After CMS issued its 2022 guidance, HHS moved for partial judgment in Lewis and Sargent’s favor. Over their objection, the district court granted the motion, set aside the denials of Lewis and Sargent’s claims, declared that continuous glucose monitors and their related supplies are durable medical equipment, and dismissed Lewis and Sargent’s other claims as moot. J.A. 625–26. Lewis and Sargent then appealed.

II

On appeal, Lewis and Sargent do not challenge any aspect of their favorable merits judgment. Instead, they challenge only the denial of their motion for class certification.

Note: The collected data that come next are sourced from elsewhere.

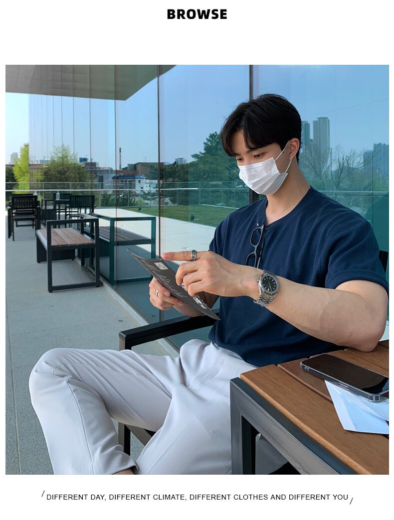半袖メンズサマーファッションブランド怠惰なルーズラウンドネックTシャツ香港スタイルのインレトロファッションオールマッチニットTシャツ 夏物 Oネック BLUU81484260534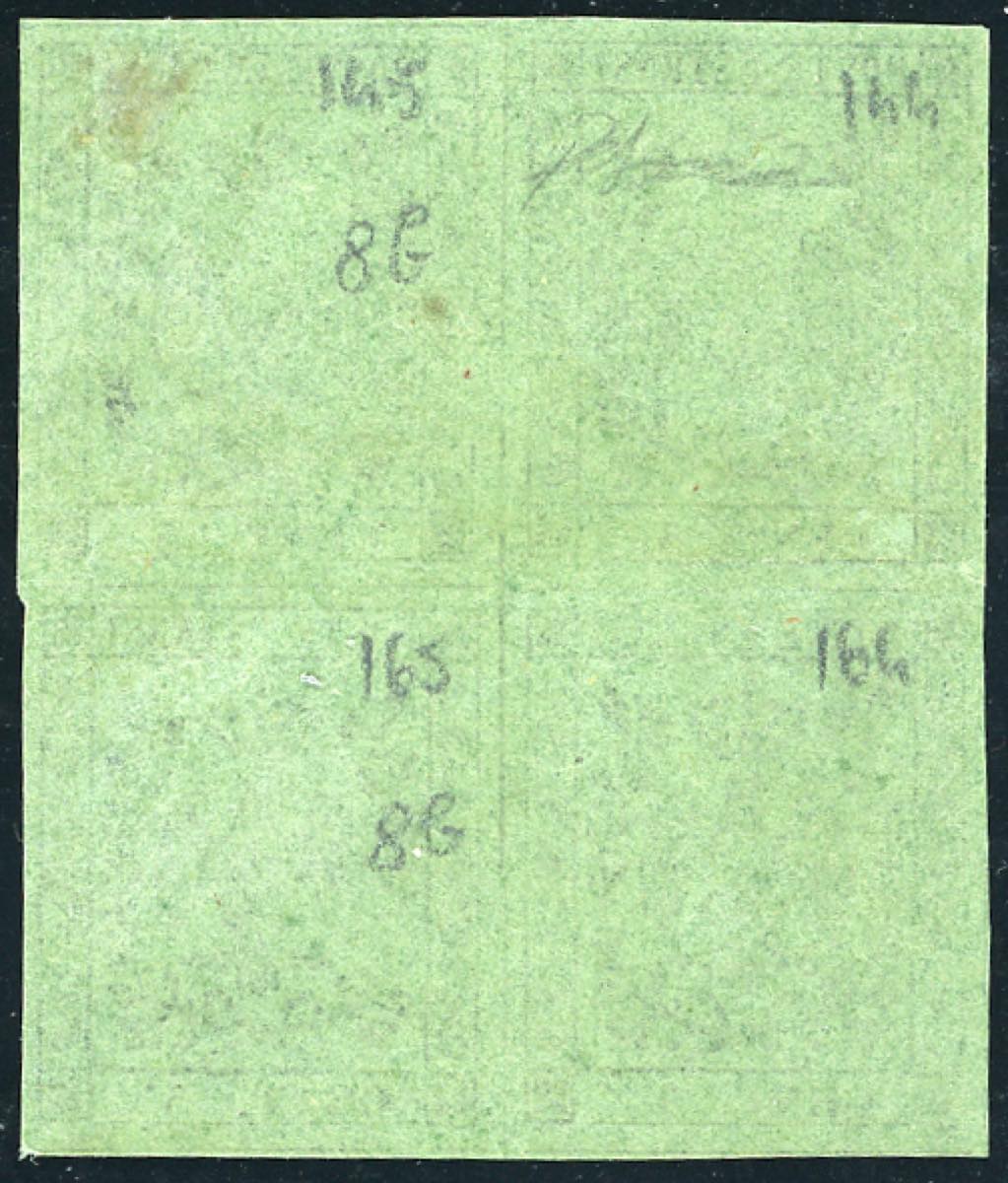 Lotto 341 - 1855 - 5 cent. verde oliva, blocco di quattro con i due ...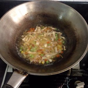 溶解好的淀粉倒入锅里转开大火,用铲子搅动锅里的食材烧至汤汁浓稠 ,最后加入适量鸡精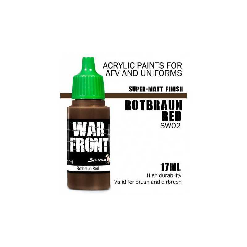 Seria WarFront od Scale 75 to kolory dopasowane do natury wojny - znajdziesz tu wszystko, czego będziesz potrzebować przy malowaniu wozów pancernych, samolotów czy też piechoty.  Brązowy kolor Rotbraun Red przyda się zarówno przy ładownicach na szelkach belgijskiego żołnierza z lat czterdziestych, jak i przy kamuflażu włoskiej tankietki.     Farba w buteleczce o pojemności 17 ml z zakraplaczem. Idealna zarówno do malowania pędzlem, jak i aerografem. Po wyschnięciu cechuje się matowym wykończeniem.    Modelarz radzi: jak z większością farb długie stanie, nawet w magazynie, może powodować separacje medium od pigmentu, dlatego też pamiętaj, by dobrze wstrząsnąć butelką przed użyciem.  jeśli chcesz przyśpieszyć etap mieszania, warto zaopatrzyć się w metalowe kulki i wrzucić je do buteleczki.  farba posłuży ci dłużej, jeśli użyjesz mokrej palety.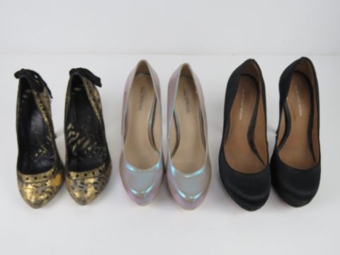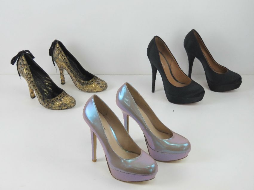 Three pairs of ladies heeled shoes inc black Kurt Geiger size 40, leopard print Irregular Choice size 38 and pearlescent Call it Spring US size 8.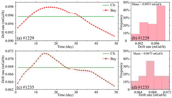 Drift rate estimations from the classic adjustment model and the Bayesian adjustment model. (a) Drift rate estimations of #1229. (b) Statistical results of the drift rate estimated using the Bayesian model for #1229. (c) Drift rate estimations of #1235. (d) Statistical results of the drift rate estimated using the Bayesian model for #1235.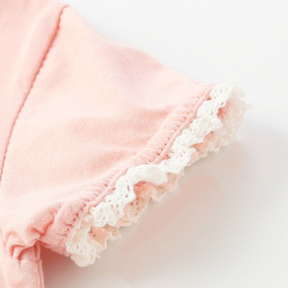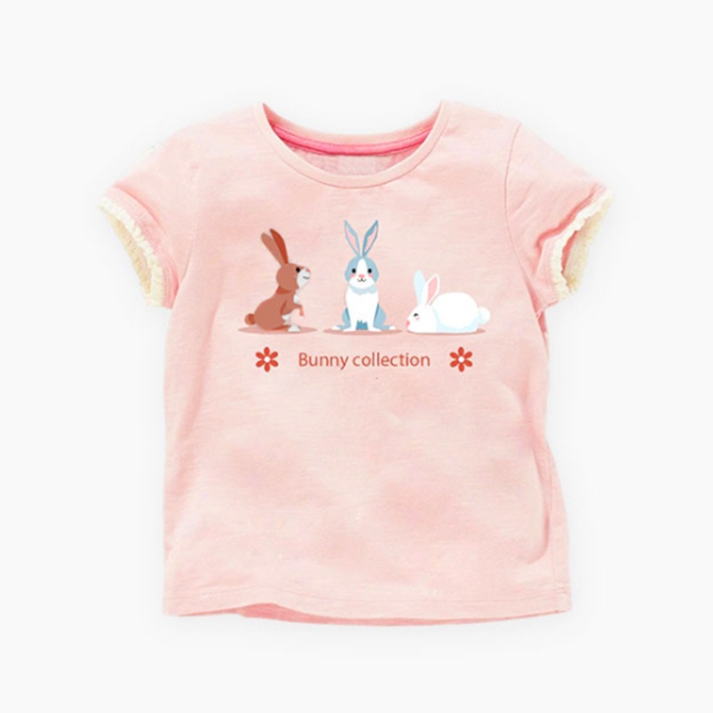 三隻兔子蕾絲滾邊短袖上衣 T恤 棉T 女童 兒童 童裝 現貨 橘魔法【BB7795】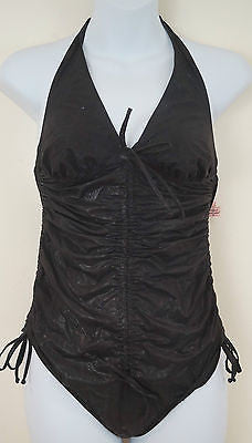 AGENT PROVOCATEUR Swimwear Black Sparkle Ruched Halter Neck Swimsuit Costume SzM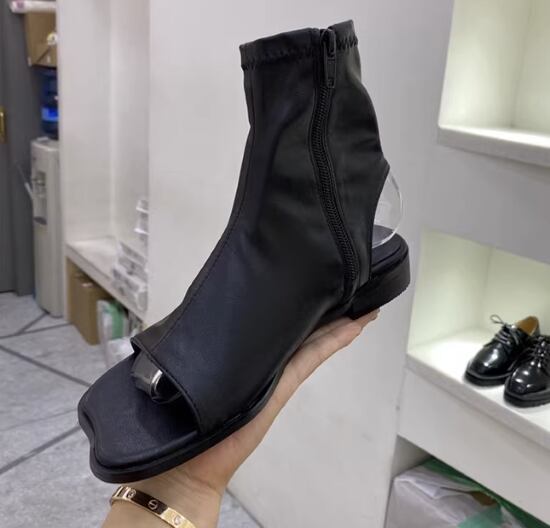 サマーブーツ レディース ブーツ 靴 シューズ ショートブーツ オープントゥ かかと開き ローヒール サイドジッパー シンプル 無地 カジュアル お出かけ おしゃれ 履きやすい 歩きやすい 疲れにくい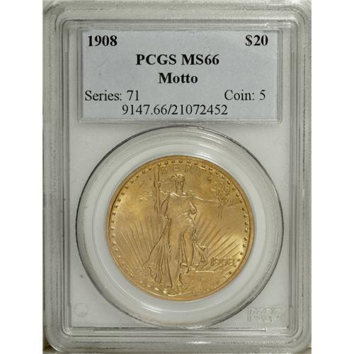 <B>1908 $20 Motto MS66 PCGS.</B></I> Omitting the customary motto IN GOD WE TRUST was not a trivial matter for President Roosevelt. As early as April 1907, he asked Director Roberts for an opinion. According to Roger Burdette's research in the archives: "Roberts replied that it was not required by law, but that the Solicitor of the Treasury said that the motto had been in use for so long that that Congress may have lost the ability to prevent its use." Roosevelt decided to omit the motto on the new gold coin designs and all double eagles and eagles issued in 1907 lacked the motto. This simplified the designs and improved the overall artistic effect.<BR> When the first coins were released in early November 1907, the omission was noticed immediately. Within a few days, letters, telegrams, and petitions peppered the President, Congress, Treasury and the Mint Bureau. Roosevelt issued a lengthy statement explaining his view that, " ... to put such a motto on coins ... does positive harm ... and is in effect irreverence which comes dangerously close to sacrilege ... A beautiful and solemn sentence such as the one in question should be treated and uttered only with that fine reverence which necessarily implies a certain exaltation of spirit." But public sentiment and the Congress were too much behind adding the motto, and by February 20, 1908, the mint had struck a pattern double eagle with the motto on the reverse for Roosevelt to approve. Legislation requiring the motto easily passed Congress and was signed on May 17. By May 23, the mint had made new patterns of both ten and twenty dollar coins for final approval. After June 17, 1908, all the new design gold coins carried the required inscription.<BR> This is a strongly struck example that has rich mint frost and an overlay of beautiful, subtle rose and lilac patina. An outstanding, high grade With Motto twenty and a scarce opportunity to acquire this issue in the ultimate grade. Only 10 other pieces have been so graded by PCGS, and seven others by NGC, with none finer at either service (10/06). It is also interesting to note that Heritage has only offered an MS66 example once before, at the sale of the Phillip H. Morse Collection in November 2005.<BR><I>From The Kutasi Collection.</B></I><BR><BR><b>Shipping:</b> Coin/Currency (<a target="_blank" href="http://www.heritageauctions.com/common/shipping.php">view shipping information</a>)

The government does not question our jurisdiction. But “federal courts have an independent obligation to ensure that they do not exceed the scope of their jurisdiction” and “must raise and decide jurisdictional questions that the parties either overlook or elect not to press.” Henderson ex rel. Henderson v. Shinseki, 562 U.S. 428, 434 (2011). In particular, federal courts of appeals lack jurisdiction if the appellant has not shown standing to pursue the appeal. See, e.g., West Virginia v. EPA, 597 U.S. 697, 718 (2022); Hollingsworth v. Perry, 570 5 U.S. 693, 715 (2013). Considering the issue on our own, we hold that Lewis and Sargent lack appellate standing.

Article III limits the judicial power of the United States to resolving “Cases” or “Controversies.” U.S. Const. Art. III, § 2. “Article III denies federal courts the power to decide questions that cannot affect the rights of litigants in the case before them, and confines them to resolving real and substantial controversies admitting of specific relief through a decree of a conclusive character.” Lewis v. Cont’l Bank Corp., 494 U.S. 472, 477 (1990) (cleaned up). To this end, any party invoking a federal court’s jurisdiction must prove its “standing.” Lujan v. Defs. of Wildlife, 504 U.S. 555, 561 (1992). In a federal district court, “a plaintiff must show (i) that he suffered an injury in fact that is concrete, particularized, and actual or imminent; (ii) that the injury was likely caused by the defendant; and (iii) that the injury would likely be redressed by judicial relief.” TransUnion LLC v. Ramirez, 594 U.S. 413, 423 (2021). Similarly, in a federal appellate court, an appellant must show a concrete and particularized injury “fairly traceable to the judgment below” and likely to be redressed by a favorable ruling on appeal. West Virginia, 597 U.S. at 718.

In Deposit Guaranty National Bank v.